Several of the Iranian president's statements during his recent visit show him to be a foolish and provincial man, such as his insistence that there are no gays in Iran and that a man who has been hiding in a well for the past 1,300 years will return imminently to save the world. On these grounds, he is clearly an idiot. On other grounds, however, we get a glimpse of the savant; there are certain things that this man is actually quite lucid about.



There were two statements that Ahmadinejad made that all Americans should consider. The first, given during a dubious insistence that Iran does not seek nuclear weapons, asserted that nuclear weapons are worthless. If they were of any use, he said, why did they not save the Soviet Union? This is an insight that it would do us well to mull over.



We are horrified at the prospect of Iran having one nuclear weapon. We have 30,000. We seem not to realize that these are useless weapons. They are made simply to destroy indiscriminately. Since states seek control if nothing else, nuclear weapons are useless, since if you destroy everything, you can no longer control it. Ahmadinejad seems to understand this; even if Iran were to acquire such a weapon, using it would bring about the incineration of the entire country, and we should not pretend that whole civilizations can be suicidal.



If Iran is suicidal, why has it not directly attacked the United States? Why has it not rained missiles on Israel? Why has it not flooded Iraq with Revolutionary Guards? Suicidal states, if they existed, would not wait to be struck before attacking; they would attack before being attacked, when they are at their strongest. If we go to war against Iran over the nuclear issue, we will be committing homicide with the "rationale" that we had to preempt our victim from commiting suicide first.



The second prescient statement is that the post-World War II order is over.
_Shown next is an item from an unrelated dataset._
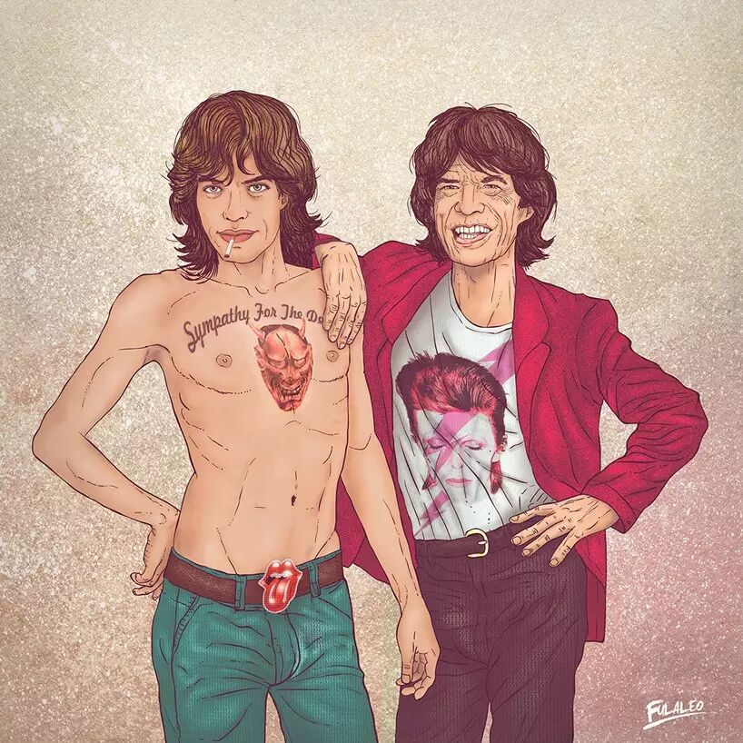 后来的米克·贾格尔还保持着鲜肉时期的发型,拗着相似的造型,T恤上印着英伦摇滚变色龙大卫·鲍威(David Bowie)。

The idea that France or Great Britain or any other country can unilaterally tie the hands of the world is clearly past its expiration date. These nations have not truly renounced colonialism until they have denounced the power to veto something that 190 other nations may desire.

The security council reflects a worldview in which there are victors (of World War II) and there are vanquished (most of whom were not even involved in that war). Indeed, the huge majority of nations in the UN did not even exist at the end of World War II. The security council reflects a balance of power that has not existed since the late 1940's. It is no longer viable. Period.



So while Ahmadinejad may be an idiot, he also has some valid points. And that, perhaps, is what we fear most of all.